The movie ends with Godefroy successfully fighting off the witch's potion's effects and shooting her with his crossbow instead of the Duke, saving his marriage to be, Jacquouille living a happy life with his girlfriend in the 1990's, and the unfortunate Jacquart stranded in the past.

In the 1998 sequel titled '''''Les Visiteurs II: Les Couloirs du Temps''''' (''The Visitors II: The Corridors of Time''), Godefroy and Jacquouille are returned to their rightful times just to find out that Jacquouille created a TemporalParadox by stealing the Duke's jewels and letting them in the 20th century, including an important relic.

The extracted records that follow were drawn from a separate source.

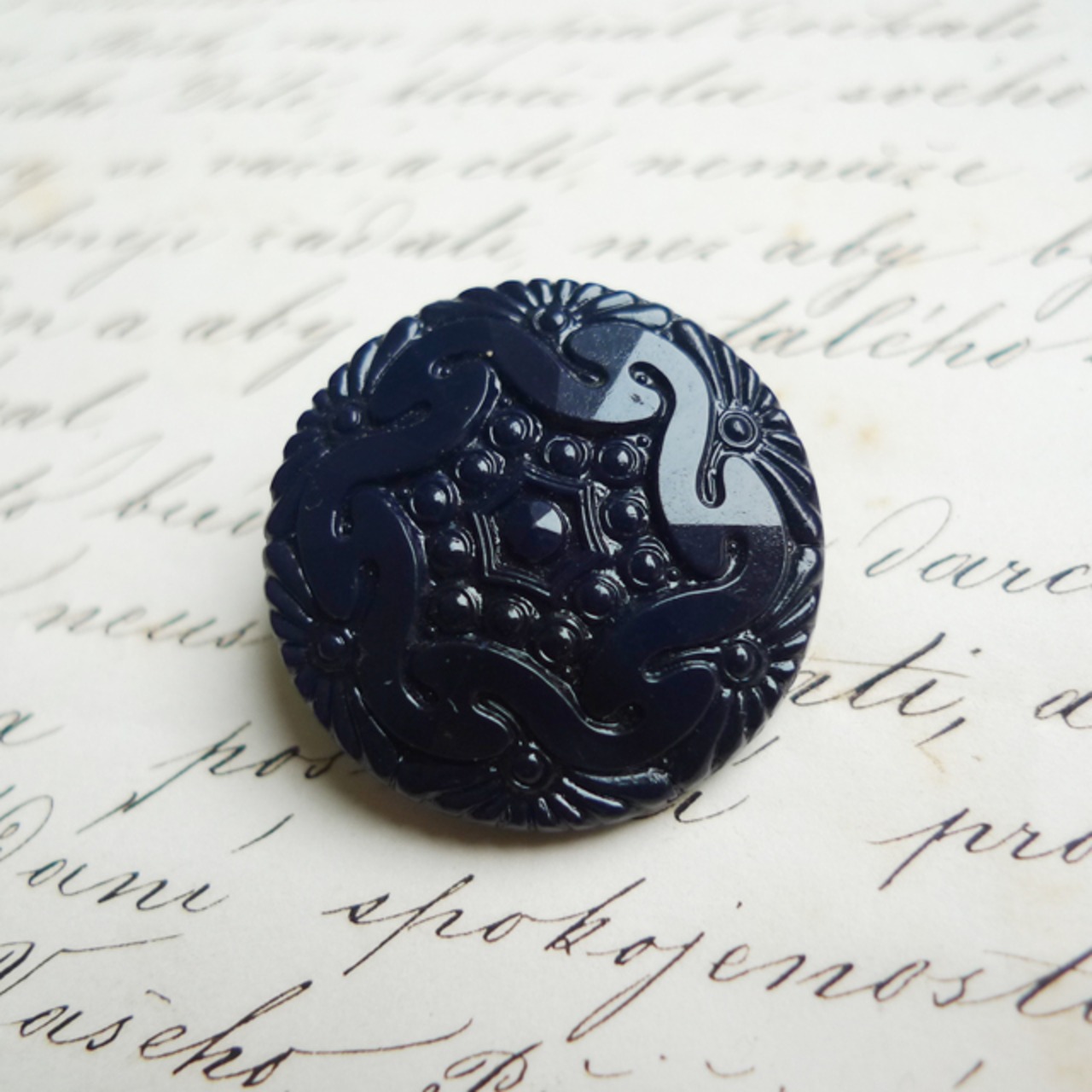 限りなく黒に近い、深ーい紺色のガラスボタン。
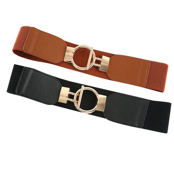 belts women fashion metal buckle waist corset wide elastic stretch leather cummerbunds ladies party dress belt waistband accessories, Black;brown
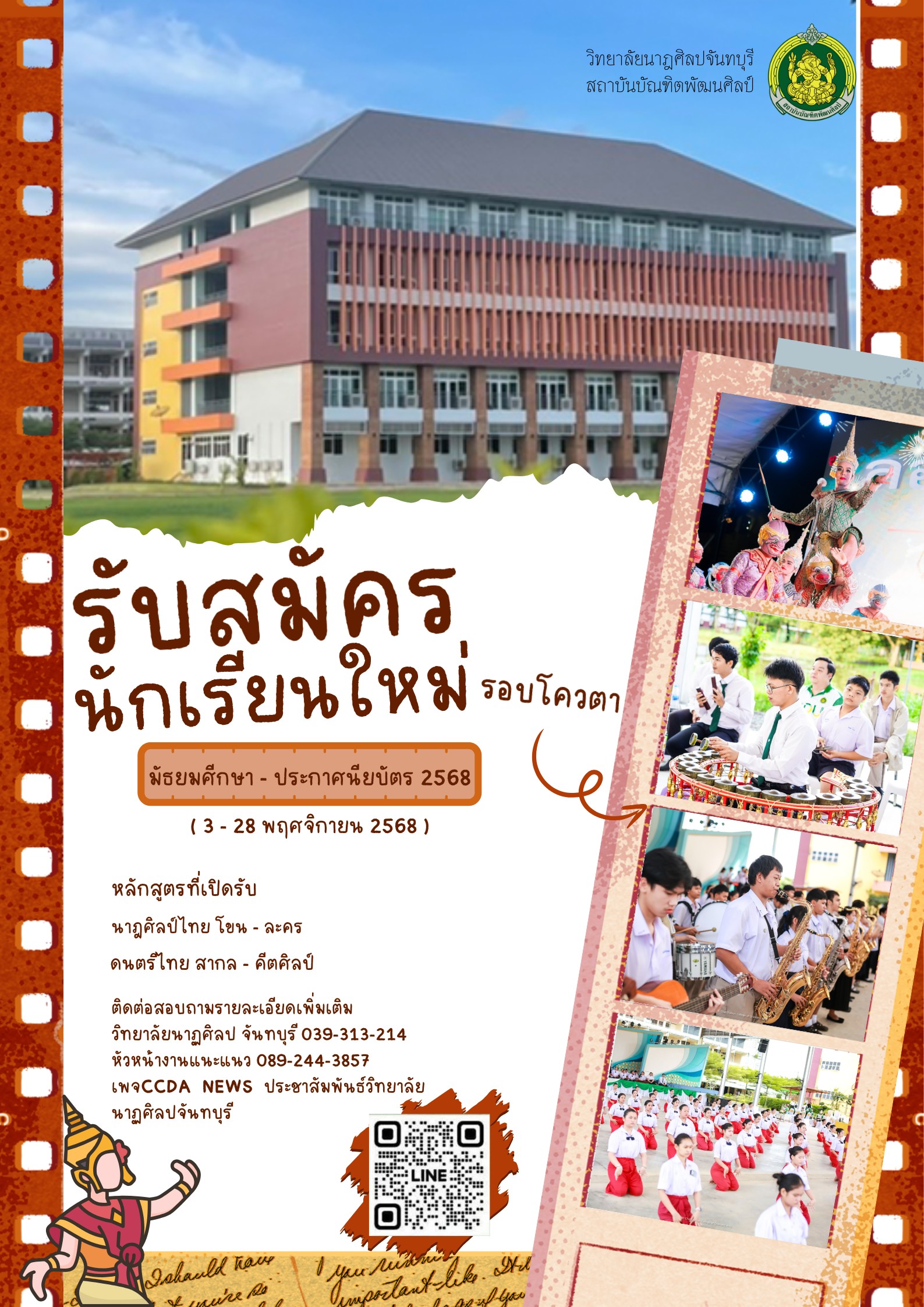 วิทยาลัยนาฏศิลปจันทบุรีประกาศรับสมัครนักเรียนเพื่อศึกษาต่อในระดับชั้นมัธยมศึกษาปีที่ 1 และ ประกาศนียบัตรวิชาชีพปีที่ 1 ปีการศึกษา 2569

Once again, Godefroy's marriage is at stake, and they have to go "forward" to the 20th century again to fix the paradox. Things only get worse from there.

A second sequel came out in 2016, '''''Les Visiteurs: La Révolution''''' (''The Visitors: The Revolution''). It focuses on Godefroy's and Jacquouille's fate in 1793, during UsefulNotes/TheFrenchRevolution, the era they have been sent to by mistake at the end of ''The Corridors of Time''.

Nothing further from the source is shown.